Total epithelial thickness was measured as the distance between epithelial surface and the lower margin of submucosa (Figure 2). Mean thickness values were reported for each site. Three measurements were carried out for each subject, and a mean value was obtained for each subject in each site. The final value reported was the mean thickness encountered in the 20 subjects analyzed.

Figure 2.

Figure 2.

Example of epithelial thickness measurement. Epithelial thickness is measured as the distance between the mucosal surface and the lower margin of the submucosa.

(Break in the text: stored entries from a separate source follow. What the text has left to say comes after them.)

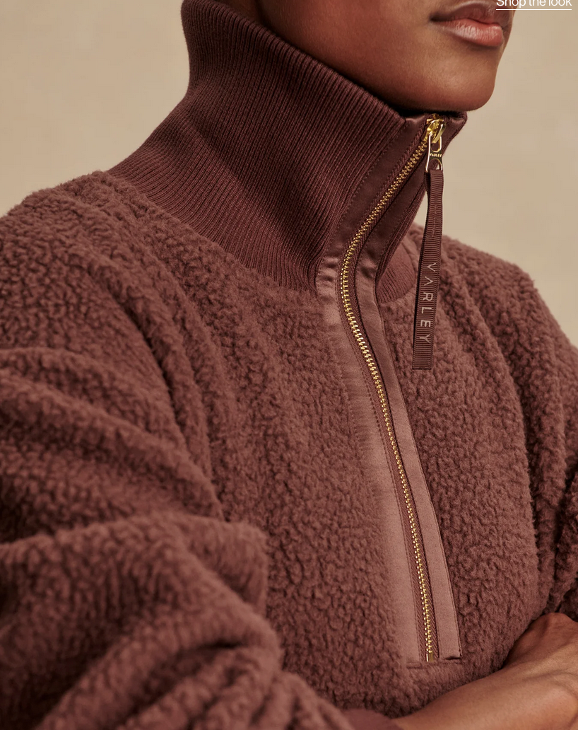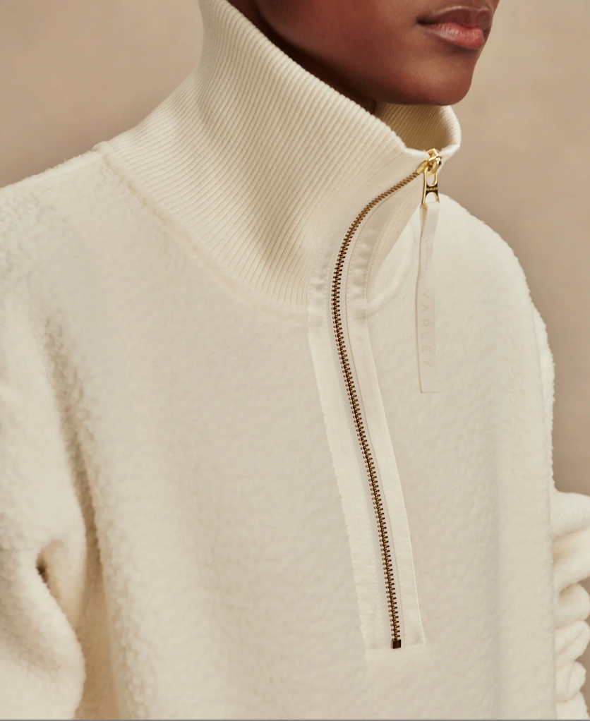 The Varley Roselle Half Zip Fleece is crafted from 100% recycled plush borg fleece, combining sustainability with comfort. Its half-zip collar and ribbed cuffs provide adjustable warmth, while the loose-fit sleeves ensure ease of movement. Signature side zip detailing and luxe sateen trim elevate this fleece, adding subtle sophistication to a versatile, eco-conscious wardrobe essential.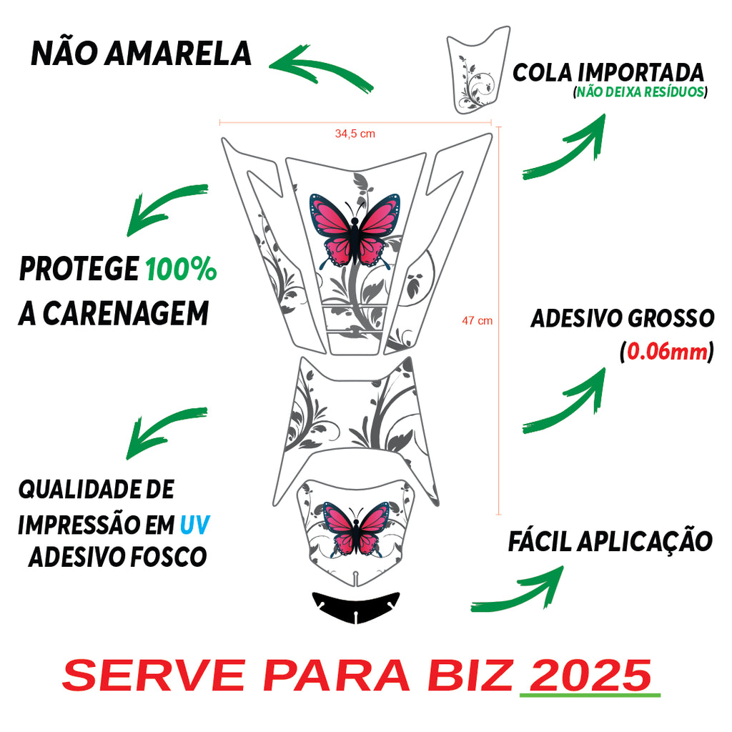 ADESIVO PROTETOR DA BIZ BORBOLETA BRANCA FOSCO 2025 (LEIAM A DESCRIÇÃO)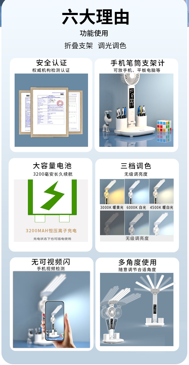 ファンアイスタンドled学習学生寮スマートスタンド寝室充電読書机電気スタンド折り畳み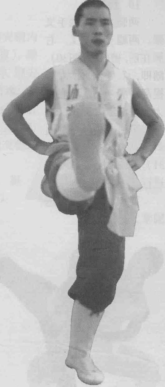 两腿并立,两手叉 腰。两腿左右交叉,右 脚在前,稍屈膝(图30)。 随即,右腿伸直,左腿 提起,脚内扣,脚底用 力向左侧上方踹出,高 与肩平,上体向右侧倾 斜,双眼视左侧上方(图 31)o练习时,左右交替 进行。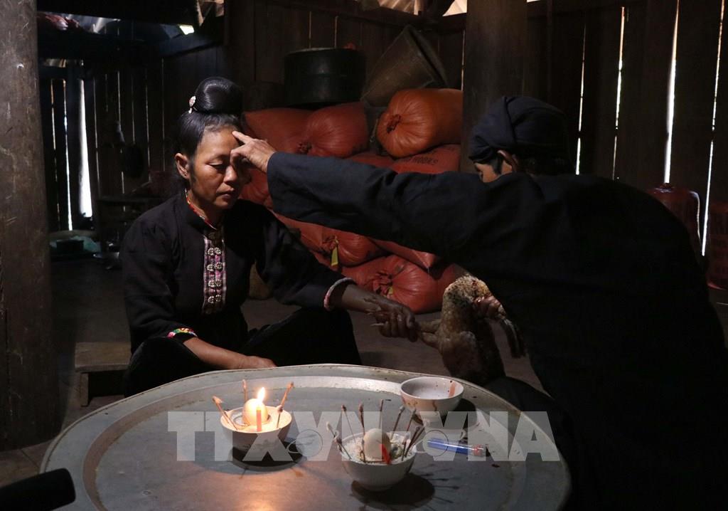 Thầy cúng lấy tiết gà đánh dấu lên trán cho gia chủ để cầu xin thần linh, tổ tiên phù hộ người trong gia đình gia chủ sang năm mới dồi dào sức khỏe, gặp nhiều điều an lành, may mắn. Ảnh: Nguyễn Xuân Tiến-TTXVN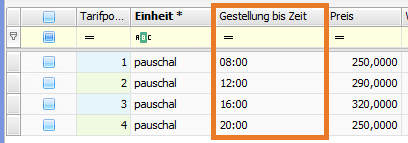 In dem Menüpunkt Vorgaben > Abrechnung > Tarife Fracht > Details gibt es eine neue Spalte: Gestellung bis Zeit.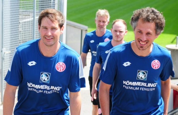 Bundesliga | Guido Steinacker | 03.07.17 Und los geht es! Die Trainingspause ist vorüber, auf dem Gelände am Bruchweg sind die Bundesligaprofis des FSV Mainz 05 ab dieser Woche wieder am Schuften. Ein neuer Trainer, vier neue Spieler: Sandro Schwarz (r.) präsentiert sich vor dem Trainingsbeginn mit den Neuzugängen (v.l.) René Adler, Alexandru Maxim, Kenan Kodro und Viktor Fischer. | Guido Steinacker Mainz. Mit 19 Feldspielern sowie den Torhütern Jannik Huth und René Adler hat der FSV Mainz 05 am Montag unter den Augen von rund 300 Fans die Vorbereitung der Bundesligasaison 2017/18 aufgenommen. Aufgrund ihrer Verletzungen oder noch nicht abgeschlossener Rekonvaleszenz konnten Alexander Hack, Emil Berggreen und Torwart Florian Müller nicht mitmischen. Gaetan Bussmann, der zuletzt ebenfalls verletzt war, absolvierte ein eigenes Übungsprogramm. Die Spieler Suat Serdar, Levin Öztunali, Jean-Philippe Gbamin, Fabian Frei und José Rodriguez waren wegen eines Sonderurlaubs noch nicht an Bord. Ein paar Eindrücke vom Trainingsauftakt gibt es in unserer Galerie. Alle Artikel von Fußball (Bundesliga)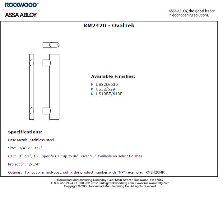 Rockwood RM2420-36-630 Straight OvalTek™ Flat Oval Grip Pull Bar with Oblong Posts - 36" CTC - Satin Stainless Steel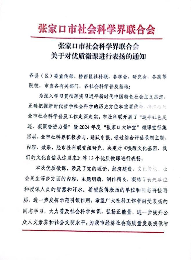 張家口市社科聯開展“追尋紅色足跡,凝聚奮進力量”暨2024年度“張家口大講堂”微課堂征集活動,我校馬克思主義學院積極參與,踴躍申報,共計提交微課作品6件。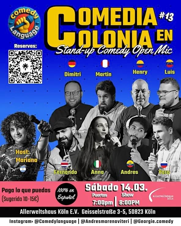 ¡Ven a disfrutar de nuestro Open Mic de Stand-up Comedy en español en la ciudad de Colonia!

Echogenicity was described both qualitatively and quantitatively. A qualitative description of each area was performed in terms of echogenicity of each layer encountered in the anatomical site described. Considering the quantitative analysis, Horos software automatically samples gray-level distribution inside a selected region of interest (ROI), assigning to each pixel a variable value coded with a number between 0 and 256. We placed a ROI of fixed area at the interface between mucosa and submucosa, and retrieved data on gray-level distribution pattern (mean, standard deviation (SD), min and max) (Figure 3). As evaluated for thickness values, mean echogenicity was reported for each site. Three measurements were carried out for each subject, and a mean value was obtained for each subject in each site. The final value reported was the mean echogenicity encountered in the 20 subjects analyzed.

Figure 3.

Figure 3.

Example of ROI positioning. A ROI of fixed area is placed at the interface between mucosa and submucosa.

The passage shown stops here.